Vegan tzatziki. Yep, I did it—and before I dive into this recipe, I feel like I owe an apology to my family. I must admit making this dip didn’t feel right. It was like I was cheating on my Greek family . . . but then I tried it. Oh my gosh: it’s pretty damn close to the real deal and so flavorful. Suddenly my guilt evaporated, and I was surprisingly happy that I made it!
This dish is traditionally vegetarian and often accompanies me at the table with all my vegetable recipes. I decided why not make it vegan and add it to my list of plant-based recipes that everyone must have, and I certainly do not regret it. It doesn’t lack flavor, creaminess or strength. It’s completely balanced with the amounts of fat, acidity and salt—I know you will love it!
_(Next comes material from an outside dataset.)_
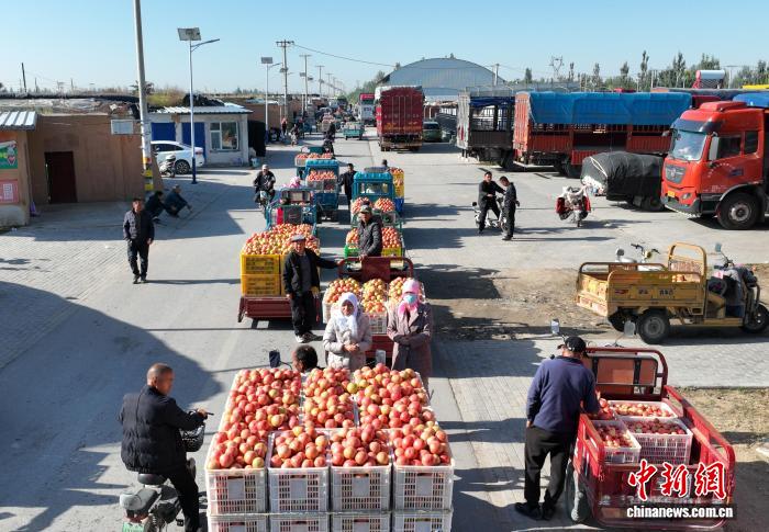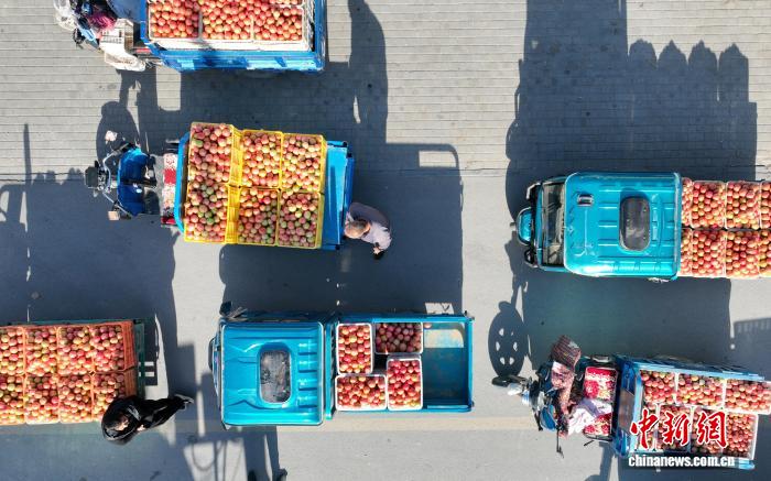 10月7日,菜农将采摘好的西红柿送往宁夏银川市金凤区良田镇和顺新村果蔬仓储分拣中心。(无人机照片)中新社记者 于晶 摄

1 cup cashews, soaked for at least 2 hours
1/4 cup lemon juice
3 Tbsp sesame tahini
3 garlic cloves
1/2 cup water (add less or more for preferred consistency)
Salt and pepper, to taste
1 cup cucumber, grated, excess liquid squeezed out
1/4 cup fresh dill, finely chopped
1/2 Tbsp mint, finely chopped (optional)
2 to 3 Tbsp extra-virgin olive oil
Add cashews, lemon juice, tahini, garlic, water and salt and pepper to food processor and blend until very smooth, scraping down sides as necessary.
Remove mixture from processor and transfer to large mixing bowl. Add cucumber, dill, mint (if using) and olive oil and stir until well combined. Adjust seasonings as desired.
Serve with salads, falafel, fresh veggies or your favorite crackers, or store in tightly sealed jar in refrigerator for up to 1 week.